Organisms that occupy stable environments are subjected to stabilizing selection, which minimizes variation and optimizes adaptation over time (Campbell 1996). So long as the environment remains constant, form and function persist relatively unchanged. Hence, over geological time spans characterized by relatively constant environmental conditions, organisms tend to show little modification from the ancestral forms that emerged when they first arose. If that origin occurred as the consequence of punctuated equilibrium (Eldredge and Gould 1972), emphasis over the vast majority of the taxon’s life span will be on equilibrium. Even in changing environments, highly successful and robust biological features may be retained. Evolutionary plateaus are the result.

The most obvious examples of the plateau scenario are life’s most ancient surviving organisms, the bacteria and Archaea (Altermann and Kazmierczak 2003). Many microbes are likely unchanged from very early in their history. Cyanobacteria, though doubtlessly possessing a more elaborate photosynthetic machinery than the earliest versions, have remained virtually unchanged ecologically and morphologically for over two billion years (Altermann and Schopf 1995). A particularly good example is sulfur-cycling fossil bacteria from Western Australia, which are markedly similar in microbial morphology, habitat, and organization to their modern counterparts (Schopf et al. 2014).

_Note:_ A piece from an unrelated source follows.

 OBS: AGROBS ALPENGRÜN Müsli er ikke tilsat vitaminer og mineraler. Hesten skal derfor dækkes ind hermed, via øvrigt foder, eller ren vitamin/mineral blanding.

Among the plants, once they invaded the land, bryophytes quickly developed a morphology and physiology that has remained constant for at least 360 million years (Hueber 1961; Karssilov and Schuster 1984).

Among the invertebrates notable for their evolutionary longevity are crustaceans such as the horseshoe crab (Xia 2000), insects such as ants (Grimaldi and Agosti 2000), and mollusks such as the nautilus (Landman 1987). Among the vertebrates, the sharks emerged during the early Devonian and developed some unusual physiological features that have remained relatively stable for 400 million years (Lisney and Collin 2006; Miller et al. 2003; Speers-Roesch et al. 2006). Likewise, the turtles emerged in the late Triassic with a highly successful defensive morphology that has preserved them relatively unchanged for 200 million years (Krenz et al. 2005; Pritchard 1979).

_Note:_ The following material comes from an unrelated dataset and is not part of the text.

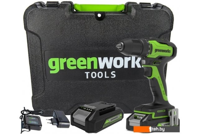 | Комплектация | Дрель-шуруповерт Аккумулятор Greenworks 24V 2Ач Зарядное устройство слайдер (0,5 А) Пластиковый кейс Руководство по эксплуатации |
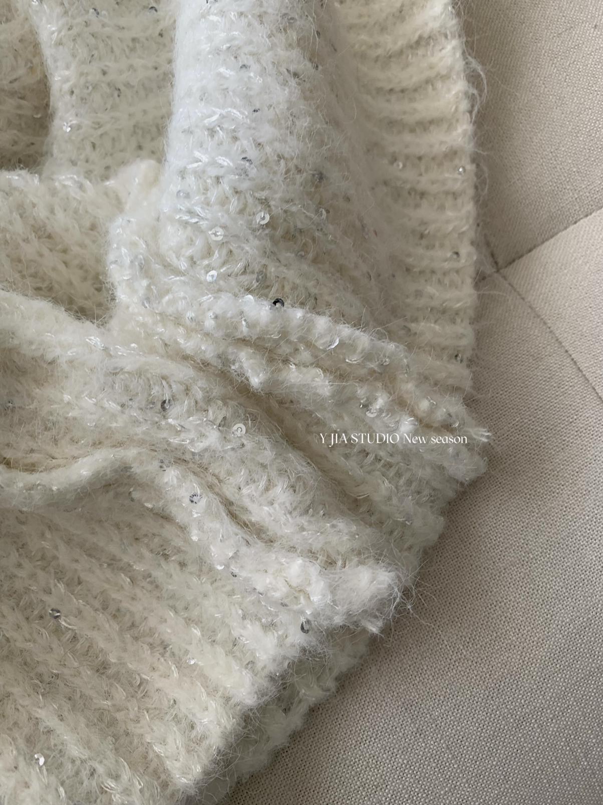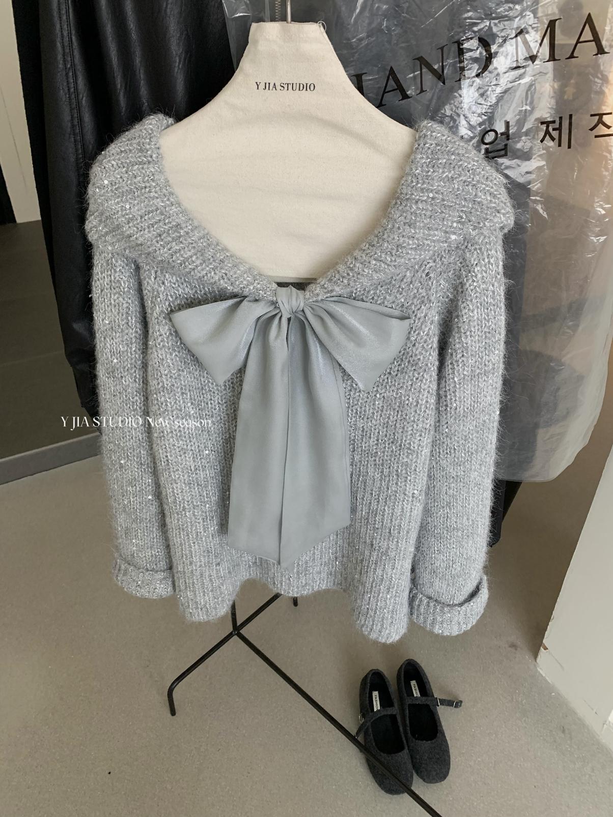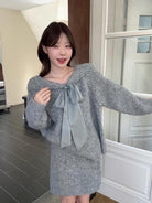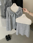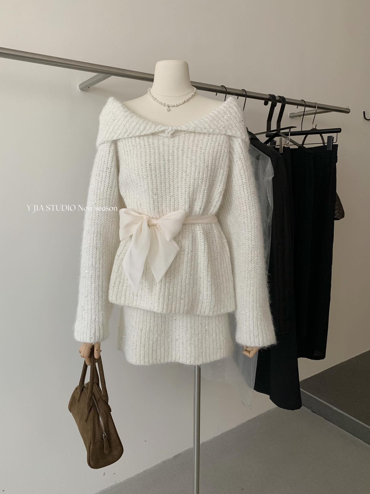 【C7745】溫柔亮片繫帶蝴蝶結針織毛衣+高腰針織半身裙套裝(配絲巾)

The history of life on Earth leaves several unanswered questions about the Plateau scenario. First among them is whether evolutionary plateaus remain stable indefinitely as long as the environment does not change. Can genetic drift give rise to change even in unchanging environments? What are the critical factors that promote survival of some forms through global catastrophes, such as the persistence of bryophytes and sharks through the Paleozoic-Mesozoic (P-M) boundary, and the survival of turtles through the Cretaceous-Tertiary (K-T) transition?

14.1.2 Collapse

Biologists have long recognized that most taxa have finite life spans; hence the majority of species that have ever lived have become extinct (Eldredge 1985; Woodruff 2001). Collapse, therefore, is the ultimate fate of most forms of life. This presumably reflects the fact that even optimal adaptations are essentially irreversible, and sooner or later circumstances will change to the point that the basis for past evolutionary success becomes maladaptive. Alternatively, previously well-adapted forms may simply be displaced by more highly adapted competitors. Or, precipitous events may lead to a relatively sudden collapse, as in the global catastrophes that mark several prominent paleobiological boundaries.

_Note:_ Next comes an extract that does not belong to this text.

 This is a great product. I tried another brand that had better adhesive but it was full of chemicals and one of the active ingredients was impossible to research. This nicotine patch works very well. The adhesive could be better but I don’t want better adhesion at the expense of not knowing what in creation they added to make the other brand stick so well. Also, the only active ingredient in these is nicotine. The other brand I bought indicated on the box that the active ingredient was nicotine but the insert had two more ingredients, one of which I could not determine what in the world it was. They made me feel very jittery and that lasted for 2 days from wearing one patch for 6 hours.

The stromatolites dominated the biosphere for three billion years, but disappeared at the end of the Proterozoic (Cowen 1995) except in a few scattered niche environments such as Shark Bay, Australia. The Ediacaran fauna provided numerous experiments in animal morphology over a 40 million year period just prior to the Cambrian, but few representatives survived into the Paleozoic (Cowen 1995). With the advent of the jawed fishes, the placoderms came to dominate the early Devonian seas, but were displaced entirely by unarmored but more resilient competitors by the end of the Devonian. Dinosaurs rose to prominence during the Mesozoic but were exterminated precipitously by the K-T catastrophe. It has been estimated that extinction is now occurring on an unprecedented scale, accelerated by the impact of human activity on the biosphere (Tong 2000; Woodruff 2001; Braje and Erlandson 2013). The relatively sudden disappearance of the mammalian megafauna in North America has been attributed to the arrival of humans, though the precise role played by human-megafaunal interactions remains controversial (Barnosky et al. 2004; Brook and Bowman 2002; Diniz-Filho 2004; Johnson 2002; Remmert 1982). And the human species itself is the lone survivor of a number of hominids that appear to have been unable to compete with Homo sapiens during the late Pleistocene and early Holocene (Kaifu et al. 2005; McBrearty and Brooks 2000).

The question of causation is the one most relevant to the Collapse scenario. What is the relative importance of maladaptation and competition in precipitating extinction? Does collapse ever occur due to genetic drift, absent precipitating competition or abiotic changes? How common is Collapse, even in relatively stable environments?

14.1.3 Transition

According to the punctuated equilibrium model of the origin of species (Eldredge and Gould 1972), most new taxa come into existence through relatively rapid transitions from ancestral forms. The power of directional selection to drive adaptive change when either the biological or abiotic environment is altered compels often drastic and rapid evolutionary changes (Eldredge 1985; Elena and Lenski 2003; Reznick and Ghalambor 2001). Transition thus represents a third scenario among the fates that befall life.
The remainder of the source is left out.